Identity theft continues to be a major concern, especially for those who shop or do business online. In fact, identity theft hit a record high in 2017, with more than 16.7 million people affected, according to recently released statistics. As consumers have become savvier, and new security measures such as credit card chip technology are fighting back, identity theft thieves are shifting their focus online. By stealing passwords and personal information, they can open accounts, order products, access existing funds and create all sorts of havoc in a very short amount of time.

We’ve addressed email phishing scams and how to outsmart them, plus tips for keeping your family safe online, and are continuing in our effort to help you have the best experience online with even more tips here for avoiding the dangers of identity theft online.

Strengthen your passwords: It’s tempting to use the same password for a lot of your banking and shopping accounts, we know. But don’t do it! Passwords should contain a mixture of upper and lower case letters, as well as numbers and symbols for maximum security. The most important place to NOT re-use passwords is for any online banking or financial sites. Be sure to use unique ones for each site. If the thought of remembering all those different passwords gets overwhelming, we recommend looking into using a reputable password management service like LastPass to help you keep track of all your passwords and support your security online.

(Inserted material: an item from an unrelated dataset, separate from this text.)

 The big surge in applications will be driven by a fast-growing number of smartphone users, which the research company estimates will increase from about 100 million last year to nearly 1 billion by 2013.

Be careful with public Wi-Fi: Next time you’re passing time on your laptop at Starbucks or McDonalds, remember that hackers can monitor your information if you are using a free and open system. Keep your activities to writing letters, scrolling through social media or answering emails, and save the shopping and banking for later when you are on a secure internet connection.

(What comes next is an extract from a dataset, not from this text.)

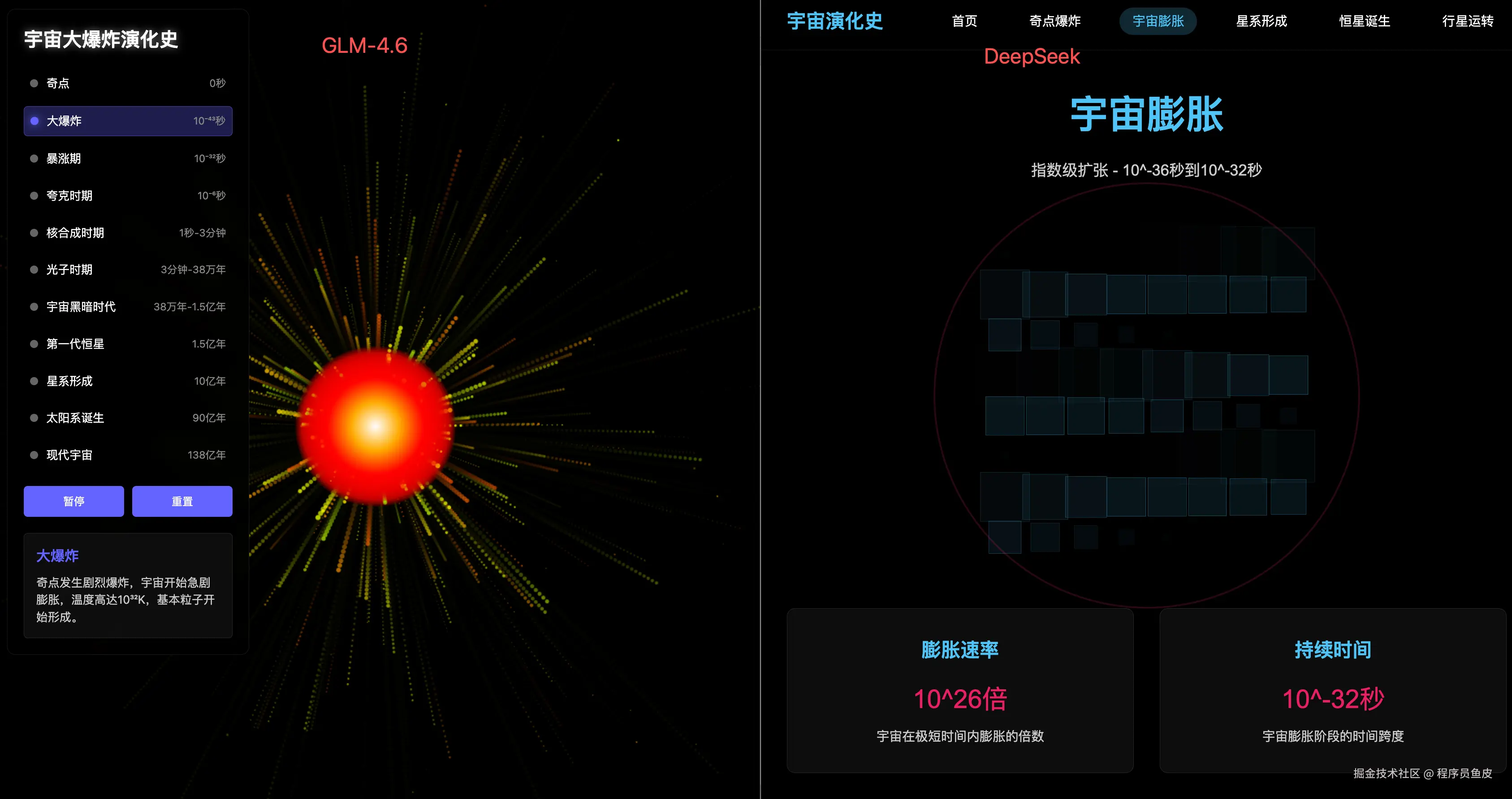 2)然后是一个宇宙大爆炸 3D 动画演示,这里显然 GLM-4.6 更专注于 “做动画效果”,而 DeepSeek 做的更像是一个知识科普网站。

Protect your phone, too: Malware and hacking isn’t just on computers – it can happen on smart phones, too. Now that people are shopping and doing their banking more on their phones, they put you at risk too. Treat your mobile devices like your computer and secure them with passwords and security software as well.

Say “yes” to alerts: When your bank or credit card company asks if you would like an alert (such as a text or email) sent to you for charges that exceed a certain dollar amount – say yes! If you are hacked, the quicker you know and the quicker you react can save a lot of time, money and hassle.

Use two-factor authentication: Banks, credit card companies, retirement accounts, and other online financial sites have been offering two-factor identification (where you log in, then are sent a text or email with a verification code as a second layer of security) for a few years. Now, many online merchants are doing the same, but you must opt in. While it may seem like an extra step, it’s a great extra layer of security, and takes much less time than it will take if your identity and accounts are hacked.

Don’t save your credit card information on shopping sites: Even if you are a loyal customer and always shop on certain sites, if they are the victim of a hacker in the future, your information will be there for the taking. Always click the “no” box when asked if you want to store your credit card information.

The key to protecting yourself from identity theft both online and off is to always be on guard. Hackers are savvy, but you can be too. Stay vigilant. Follow the guidelines we’ve provided here, and above all, if you feel that a website is asking for too much information online, they probably are.